Trading space for time
I rejected using table lookup on a table of 2^w integers.
However, Dave Wortman sent the following code for 32 bit integers:
unsigned char wherebit [ 2^16 ] ; /* initialized to index of leftmost bit in 16 bits, wherebit[ 0 ] = 0 */ if(( where = wherebit[ t >> 16 ] + 16 ) == 16 ) where = wherebit[ t ] ;This code splits the word into two halves, and uses table lookup on one or both halves. This idea trades space for time. In fact, one can code solutions with any table size that is a power of two. I'd also try a 256 entry table.
I wonder about taking a cache miss on the table access. Of course,
this is heavily dependent upon the context in which the code sequence
is used.
In constant time
Hugh Redelmeier and Gordon Turpin observed that floating point
numbers are normalized before storing, and suggested extracting the
exponent. Hugh pointed out the ANSI C library function
frexp. Here's how to use it:
int the_exp; frexp((double)t,&the_exp);Breifly, the cast to the double type converts integer t into a floating point value, f*2^e, where f lies between 1/2 and 1, and e is an integer. The return value of the call to frexp is f, and the integer exponent e is stored in the_exp. Then we can use table lookup, using index the_exp.
Hugh cautioned that the floating point type would have to have at least w bits in its mantissa, and even then one would have to be careful about rounding. (I believe the IEEE-754 standard mandates at least 53 bits of precision in the mantissa of a double precision value.)

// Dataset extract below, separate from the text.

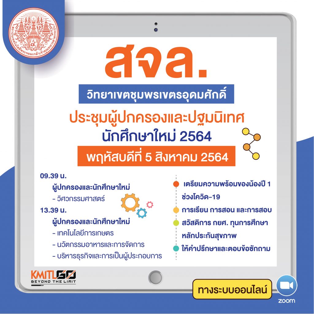 วันที่ 9 สิงหาคม 2564 เวลา 09.09 – 12.00 น. ชมไลฟ์สดได้ที่ https://www.facebook.com/KMITLPrinceofChumphon

This code is constant time if the floating point manipulations are constant
time.
However, in my quick test, it appears
that the generated code (SPARC and MIPS)
performs a function call to frexp.
This might take a long time, relatively speaking.
(There may be ways to make your compiler include the
frexp code inline.) Gordon Turpin sent implementation-dependent
code to extract the exponent directly.
A non-standard function call
Vince Gogan pointed out the ffs function.
It computes the floor of the base 2 logarithm of an integer.
Function ffs is a non-standard extension to the C library under SunOS.
For some reason, it's declared in the string.h header file.
Who knows what trickery it performs behind the scenes?
Tongue in cheek
From: Wayne HayesSubject: Re: Fast bit fiddling question Date: Fri, 27 Jun 1997 07:56:48 -0400 Status: RO I don't think it's possible, because if you *could* do it, then you would finish your thesis sooner than expected, and I think there's a theorem that says this is impossible. -- "C provides you with plenty of rope. If you're || Wayne Hayes | not careful, you can easily hang yourself with || wayne@cdf.utoronto.ca | it." -- CSRI 'C' introduction, many Moons ago. || Designated Loafer | "I'd hate to meet Darth Vader's evil twin." -- me
Dave Wortman mentioned that some machines have an instruction for finding the most significant 1 bit in a word. It was intended for priority scheduling code in operating systems. Unfortunately, I don't know a portable way to access it in C.
For now, my shifting and OR'ing sequence stays in my code, even if I can't call it constant time.
I thank all who took the time to reply in the newsgroups or via email.